▸ **STORED DATA**:
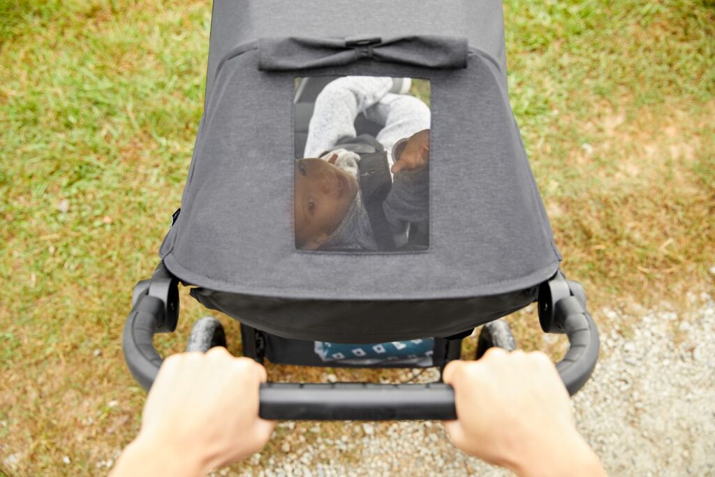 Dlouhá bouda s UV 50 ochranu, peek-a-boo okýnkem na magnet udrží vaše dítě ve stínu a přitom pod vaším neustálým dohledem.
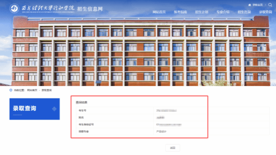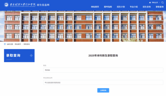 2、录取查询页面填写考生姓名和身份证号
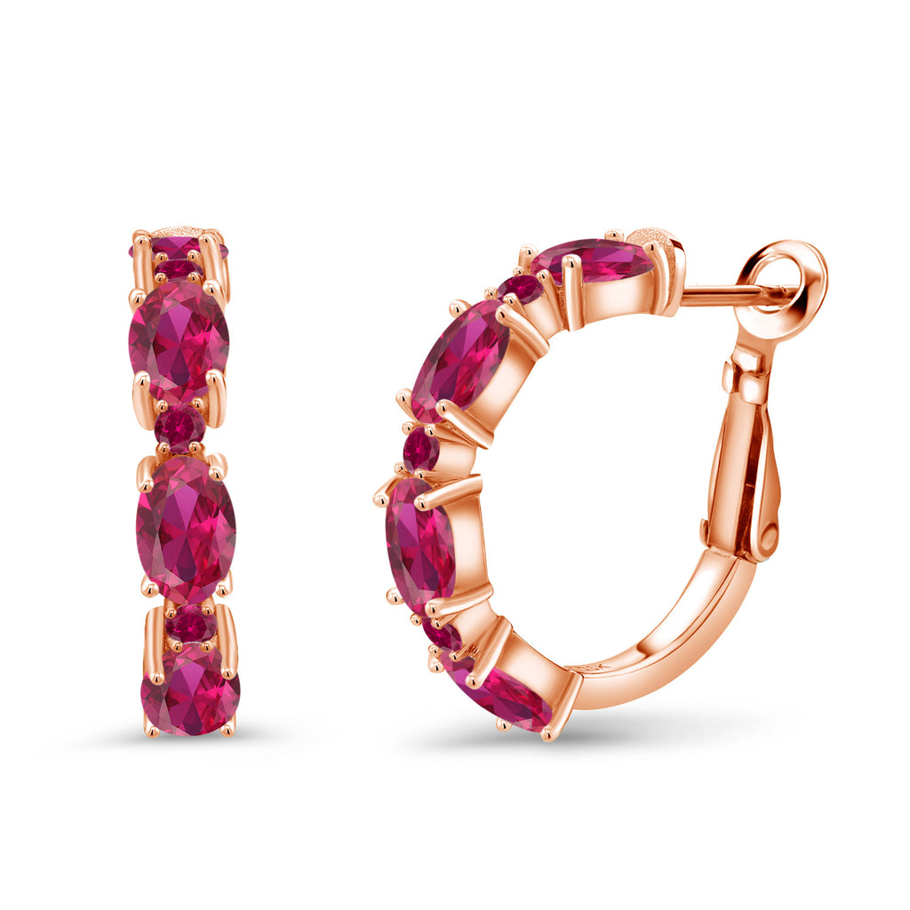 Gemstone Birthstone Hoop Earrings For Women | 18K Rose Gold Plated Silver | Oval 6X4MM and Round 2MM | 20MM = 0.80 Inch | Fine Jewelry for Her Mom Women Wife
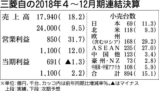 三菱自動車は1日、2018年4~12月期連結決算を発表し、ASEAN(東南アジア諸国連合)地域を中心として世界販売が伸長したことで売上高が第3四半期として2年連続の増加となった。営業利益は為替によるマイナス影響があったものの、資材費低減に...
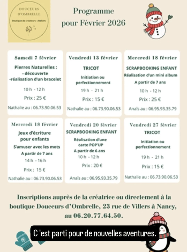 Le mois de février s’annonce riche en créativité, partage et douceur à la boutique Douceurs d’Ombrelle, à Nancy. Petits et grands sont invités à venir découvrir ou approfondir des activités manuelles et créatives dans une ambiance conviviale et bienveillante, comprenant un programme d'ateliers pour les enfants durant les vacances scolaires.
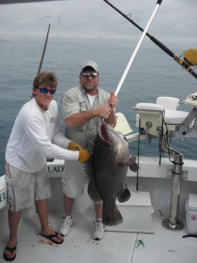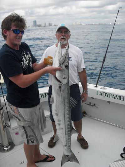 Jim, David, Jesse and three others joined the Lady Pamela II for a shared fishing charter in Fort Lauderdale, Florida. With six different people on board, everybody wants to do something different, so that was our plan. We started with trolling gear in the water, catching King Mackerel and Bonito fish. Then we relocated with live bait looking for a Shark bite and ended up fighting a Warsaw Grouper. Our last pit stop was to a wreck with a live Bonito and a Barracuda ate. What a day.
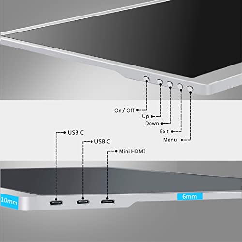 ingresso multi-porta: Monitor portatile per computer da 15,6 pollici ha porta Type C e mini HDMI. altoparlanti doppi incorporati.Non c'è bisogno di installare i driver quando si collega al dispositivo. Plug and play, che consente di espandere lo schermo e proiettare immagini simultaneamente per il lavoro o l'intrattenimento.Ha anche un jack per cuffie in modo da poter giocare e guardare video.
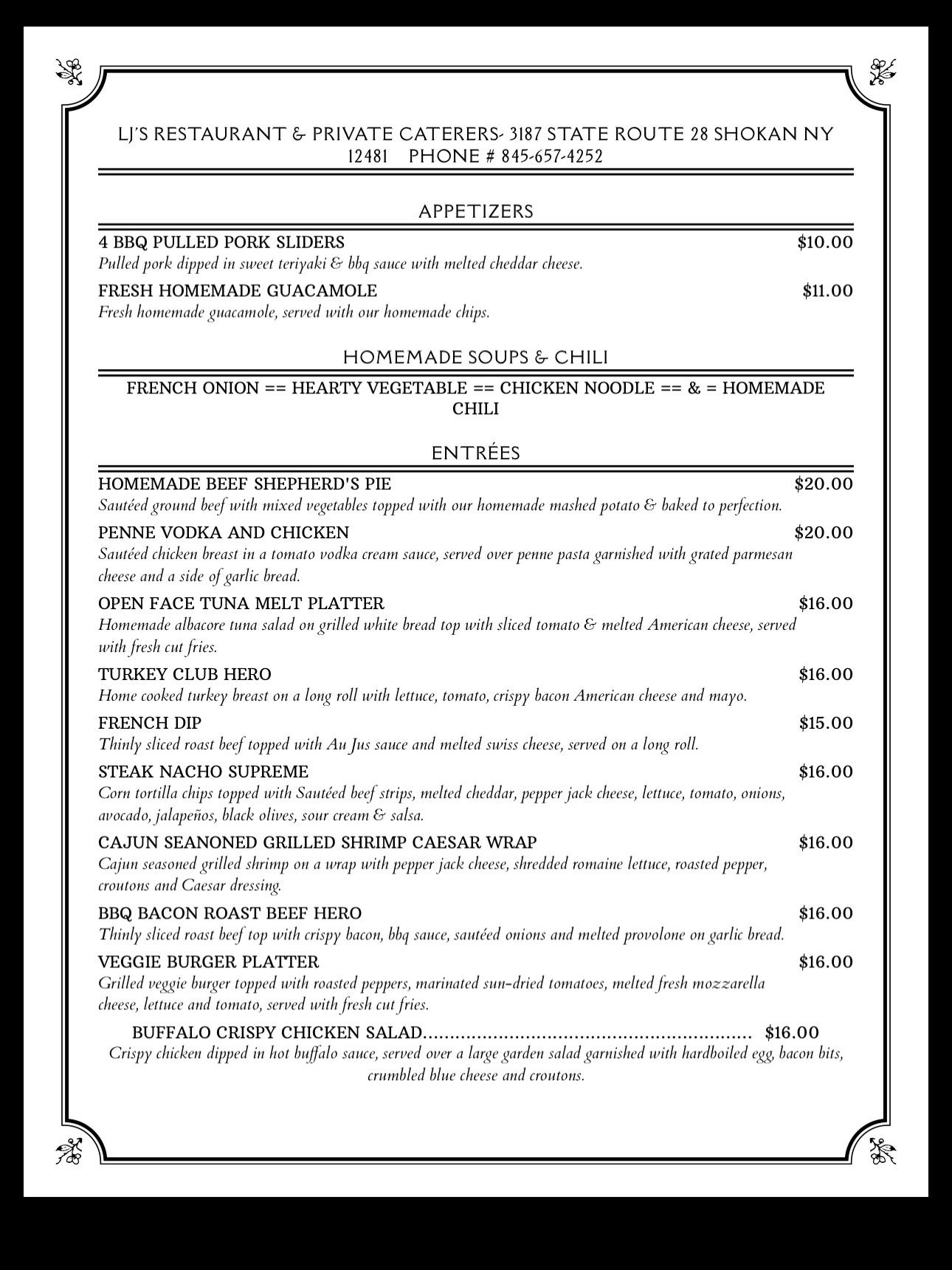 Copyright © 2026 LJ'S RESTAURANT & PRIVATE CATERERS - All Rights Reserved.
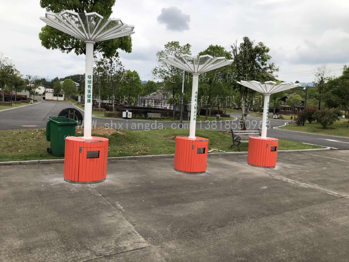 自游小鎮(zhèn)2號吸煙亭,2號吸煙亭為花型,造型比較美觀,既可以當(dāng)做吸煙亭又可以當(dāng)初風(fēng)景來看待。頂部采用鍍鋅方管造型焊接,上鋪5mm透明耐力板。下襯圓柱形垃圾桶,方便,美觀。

▸ **PROBLEM DETAILS**: The response should hold only an exact retyping of the lines from the beginning of the data through the line containing "三菱自動車は1日、2018年", both ends kept, pictures omitted.

▸ **EXERCISE ANSWER**:
 Dlouhá bouda s UV 50 ochranu, peek-a-boo okýnkem na magnet udrží vaše dítě ve stínu a přitom pod vaším neustálým dohledem.
 2、录取查询页面填写考生姓名和身份证号
 Gemstone Birthstone Hoop Earrings For Women | 18K Rose Gold Plated Silver | Oval 6X4MM and Round 2MM | 20MM = 0.80 Inch | Fine Jewelry for Her Mom Women Wife
 三菱自動車は1日、2018年4~12月期連結決算を発表し、ASEAN(東南アジア諸国連合)地域を中心として世界販売が伸長したことで売上高が第3四半期として2年連続の増加となった。営業利益は為替によるマイナス影響があったものの、資材費低減に...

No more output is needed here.